_Directions for this task_
Copy out all the lines in the records that include the word "Threads".

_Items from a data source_
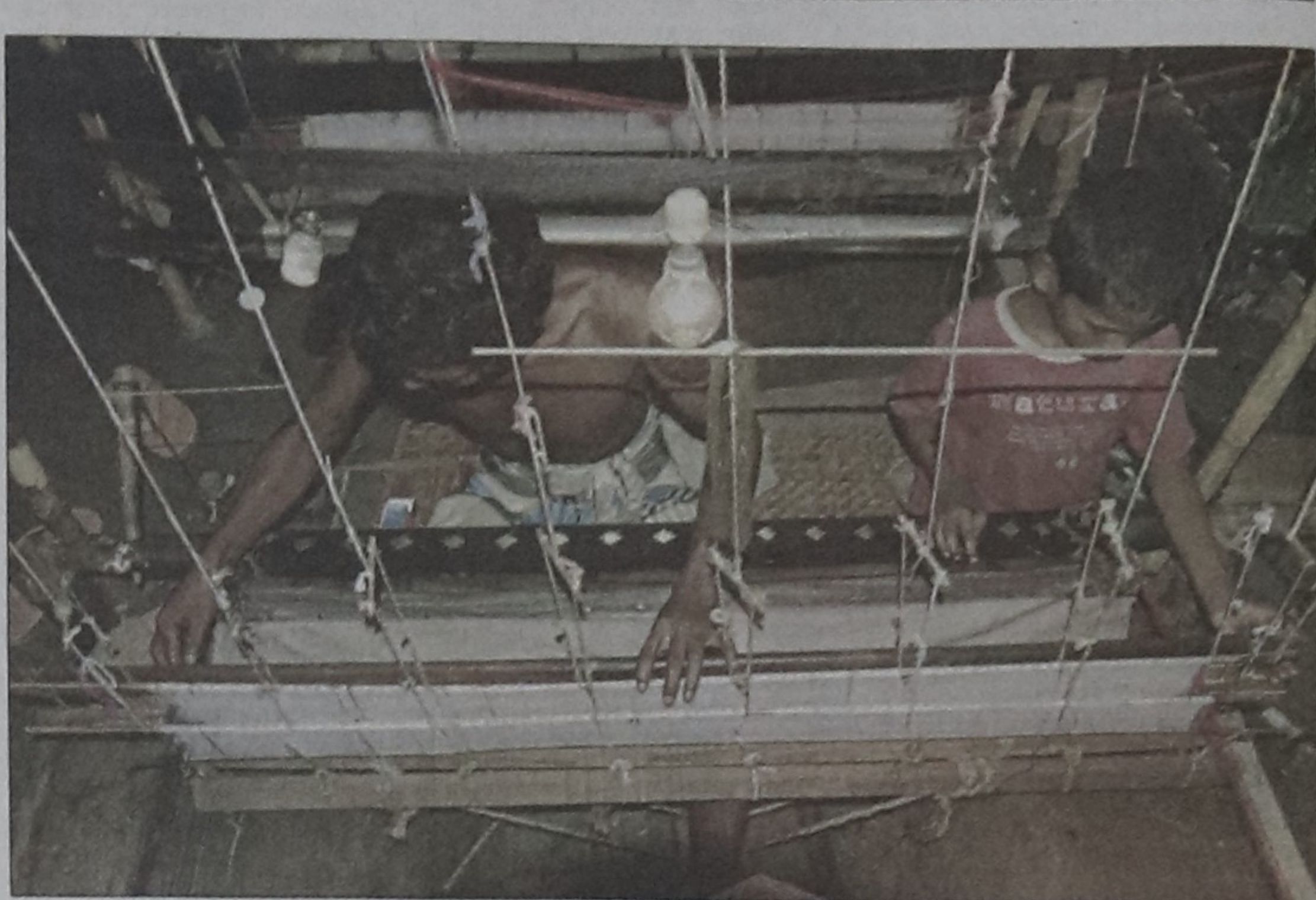
Children work at a Jamdani factory in Rupganj of Narayanganj as poor parents send them to work as weavers to help support their families.
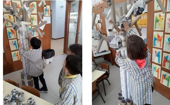
Figure 2A. Construction of the flag.

Subsequently children were asked to create a flag with recyclable materials (Fig 2A). Figures 2B and 2C illustrated the ultimate logo and flag.
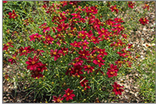
Designer Threads Scarlet Ribbons Tickseed flowers

Designer Threads Scarlet Ribbons Tickseed is recommended for the following landscape applications;
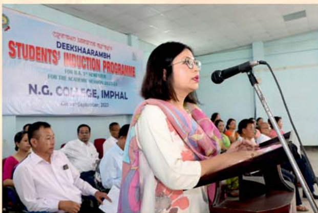
Students' Induction Programme 2023-24
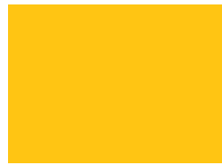
*Sun Blast M1109
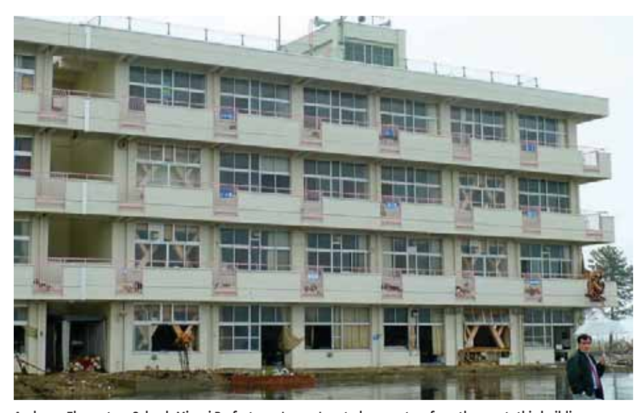
Arahama Elementary School, Miyagi Prefecture, Japan. Located 750 metres from the coast, this building was successfully used as a refuge for 380 schoolchildren and surrounding residents in 7.5-metre deep inundation. The building suffered non-structural damage from water flow and debris impact.

earthquake and tsunami provides valuable insight into the performance of structures used as evacuation refuges. These include buildings that were designed specifically for expected tsunami loading and evacuation, and some that were used as refuges but had not been specifically designed.
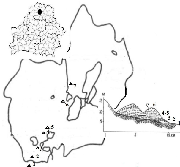
Fig.1. Location of the sampling sites in the peat bog Yelnia
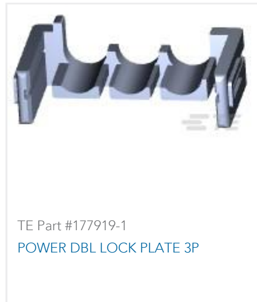
TE Part #177919-1 POWER DBL LOCK PLATE 3P
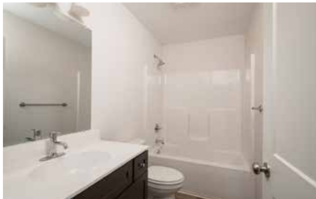
Second-Level Hallway Full Bathroom
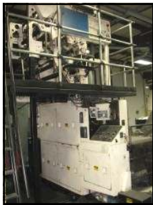
Hantscho 45A Quick Change Folder
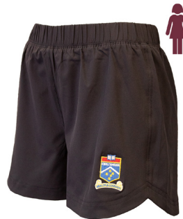
Sport Shorts with Inner
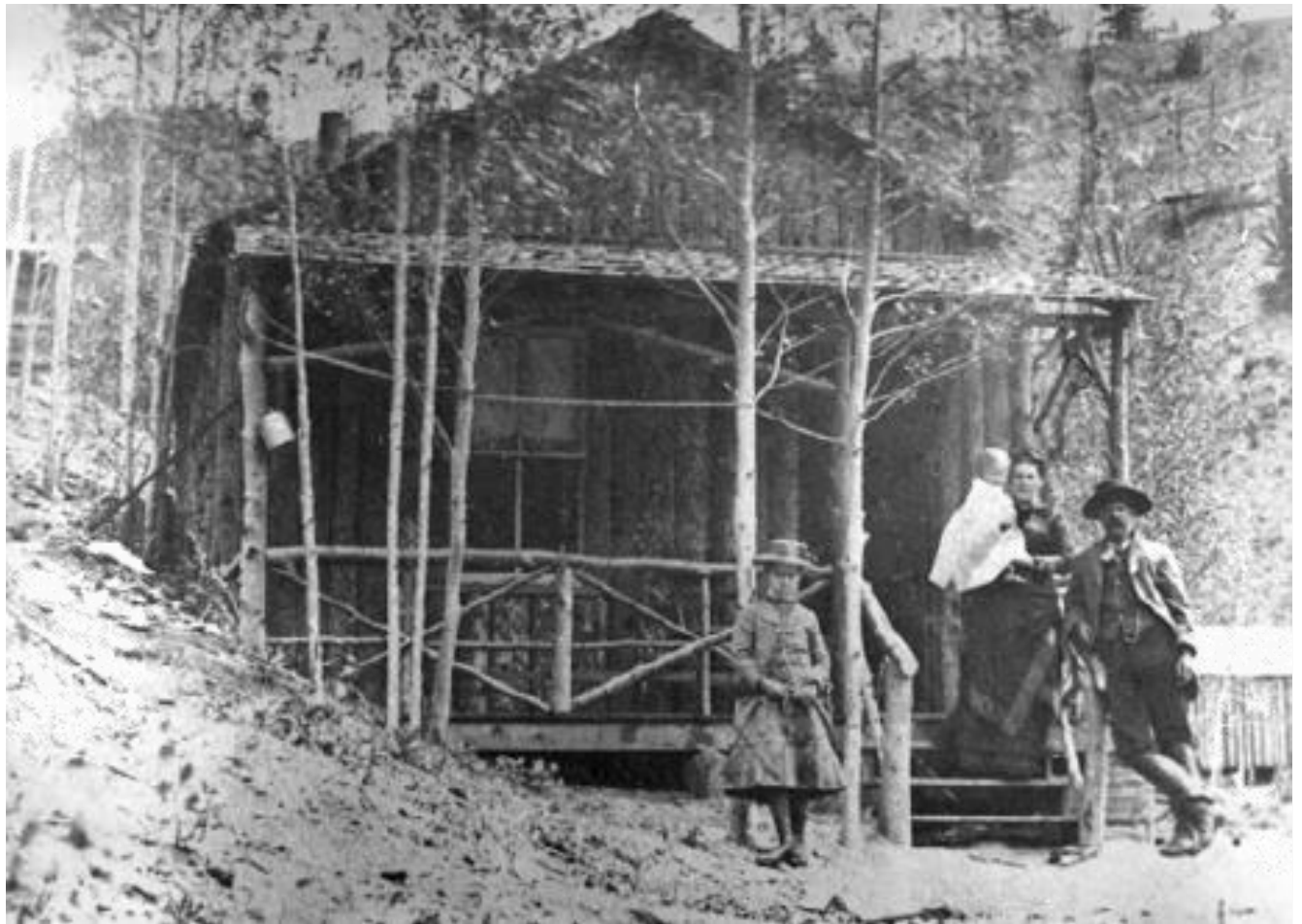
Mine Manager's Family

_Response for this exercise_
Designer Threads Scarlet Ribbons Tickseed flowers
Designer Threads Scarlet Ribbons Tickseed is recommended for the following landscape applications;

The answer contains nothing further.